The Staple Pantry Ingredients You Can Use To Clean Up Cooking Oil Spills

It's amazing how the solution to most messes in the kitchen can be found in the very same room of your house. In fact, most of the clean up can be done using a handful of nifty cooking ingredients. The same baking soda that you use to whip up moist cakes and airy breads? It can take care of stubborn grease or polish rusty baking pans. And then there's lemons that are the key to good-as-new ovens, clean coffee makers, and descaled kettles. 

Even if you've splashed some hot oil on your stove or countertops, fret not, the solution is right there in the pantry — all you need is salt, flour, and baking soda.

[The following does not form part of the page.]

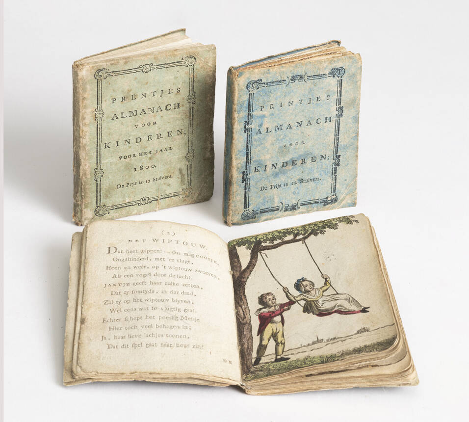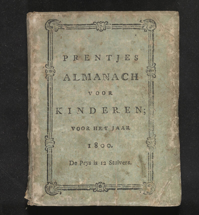Onlangs verwierf de KB op veilingen een aantal exemplaren van de extreem zeldzame reeks Prentjes Almanak voor Kinderen, die firma Houtgraaf te Amsterdam uitgaf tussen 1795 en 1840. De naam van de reeks is door de jaren heen op verschillende manieren gespeld: Prentjes of Printjes, Almanak of Almanach. Er zijn 45 van deze kinderalmanakken verschenen en helaas is driekwart daarvan verdwenen. De KB bezit negen almanakken uit deze reeks. Drie daarvan zijn recent aangekocht, namelijk de exemplaren voor de jaren 1800, 1802 en 1822. Ze zijn opgenomen onder aanvraagnummer KW GW T100064.

Oil is made up of hydrophobic molecules, which means that water does not mix well with it. That is why those greasy splatters aren't often erased when cleaning with just a damp paper towel alone. On the other hand, flour and salt can absorb oil spills and mitigate the area of damage, and then baking soda can take care of the rest, including getting rid of any stubborn stains that may have built over from weeks of unattended grease. There are a few things to keep in mind when using these kitchen staples to clean up oil spills, especially when considering the kind of mess and the surface it's on.

When to use flour or salt to clean up oil spills

Let's say that you've knocked over an entire open bottle of oil; it's likely going to spill into a huge pool of grease that will slowly spread all across your sparkling countertops, unless you act fast. That's when flour or salt can help minimize the mess. Flour is made of two things — starch and gluten — both of which absorb liquids over their weight. When you throw a fistful of flour on the oil spill, the flour will quickly absorb the liquid and stop the running grease right in its tracks. Salt will similarly absorb oil spills and prevent them from spreading any further.

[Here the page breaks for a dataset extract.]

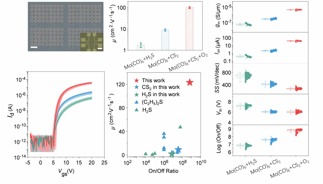 材料性能是器件应用的基础,传统 MOCVD 制备的 MoS₂因碳污染、高缺陷密度与晶界散射,迁移率通常低于 10 cm²/V・s,且开关比、稳定性等关键指标难以满足高端电子器件需求,极大限制了其应用范围。

To use these kitchen staples to clean up oil spills, all you have to do is scoop out a generous mountain of either one over the liquid (regular salt or all-purpose flour will do). Leave the powders for a few minutes to do their jobs while also gently pressing down on them so that they can absorb as much liquid as possible. Once you notice the salt crisping up or the flour turning into a clump, all you need to do is scrape the mush off the surface and give it all a quick wipe-down. 

While salt and flour work on just about every surface including sinks, ovens, and stovetops, salt can be mildly abrasive so when in doubt, it's best to stick to flour. Additionally, this method only works if the oil spill hasn't dried up yet, in which case, you're going to need a more heavy-duty cleaner like baking soda.

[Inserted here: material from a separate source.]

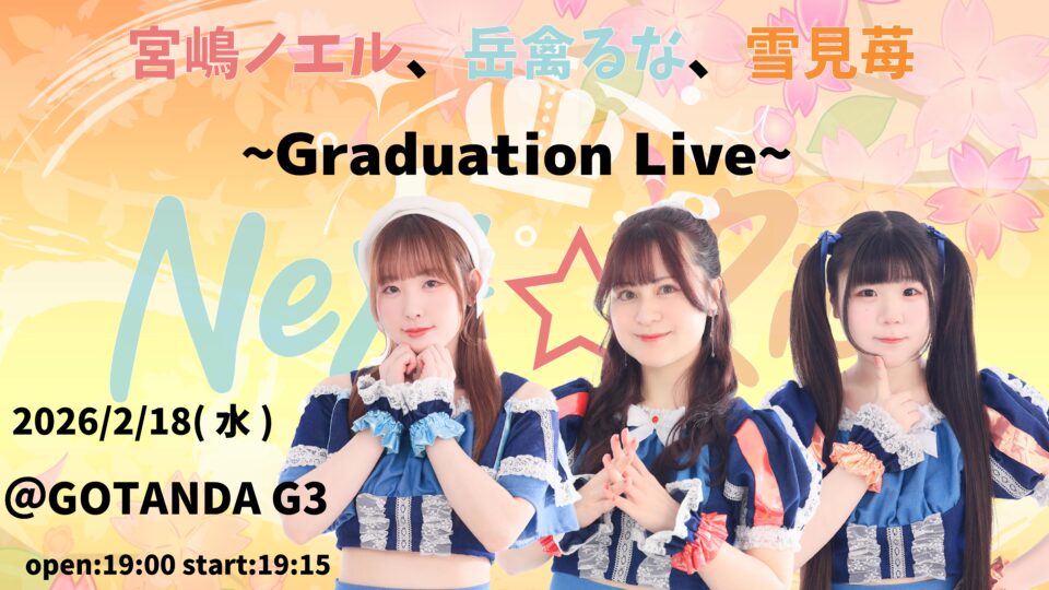 Next☆Rico 宮嶋ノエル、岳禽るな、雪見苺 ~Graduation Live~【日程】2026年2月18日(水)

How to use baking soda to get rid of oil spills

Whether you're a baker or not, baking soda is a handy ingredient to have in your pantry at all times because it can clean just about anything in the kitchen, including cooking oil spills. Baking soda is essentially an alkaline substance which means, it can break down even dried, stubborn grease that's stuck onto notoriously hard-to-clean surfaces like ovens, countertops, stovetops, or pots and pans. To clean up oil spills using this method, you should dip a sponge in a paste of baking soda and water — using roughly 1 cup water for every 3 tablespoons baking soda — and gently rub the grease off. Alternatively, you can also spread the paste over the oil spill, leave it overnight, and wipe it off the next morning with the help of some vinegar.

The only thing to be mindful of is that baking soda may look harmless but it can be pretty abrasive and damage certain surfaces. It's best to keep baking soda away from glass, mirrors, gold-plated utensils, and even marble countertops. It's also best to leave the cleaning to another device if the oil spills are on aluminum cookware or ceramic stovetops. Baking soda can oxidize aluminum and scratch ceramic surfaces while leaving behind a layer of white that will be even harder to get rid of than the oil itself.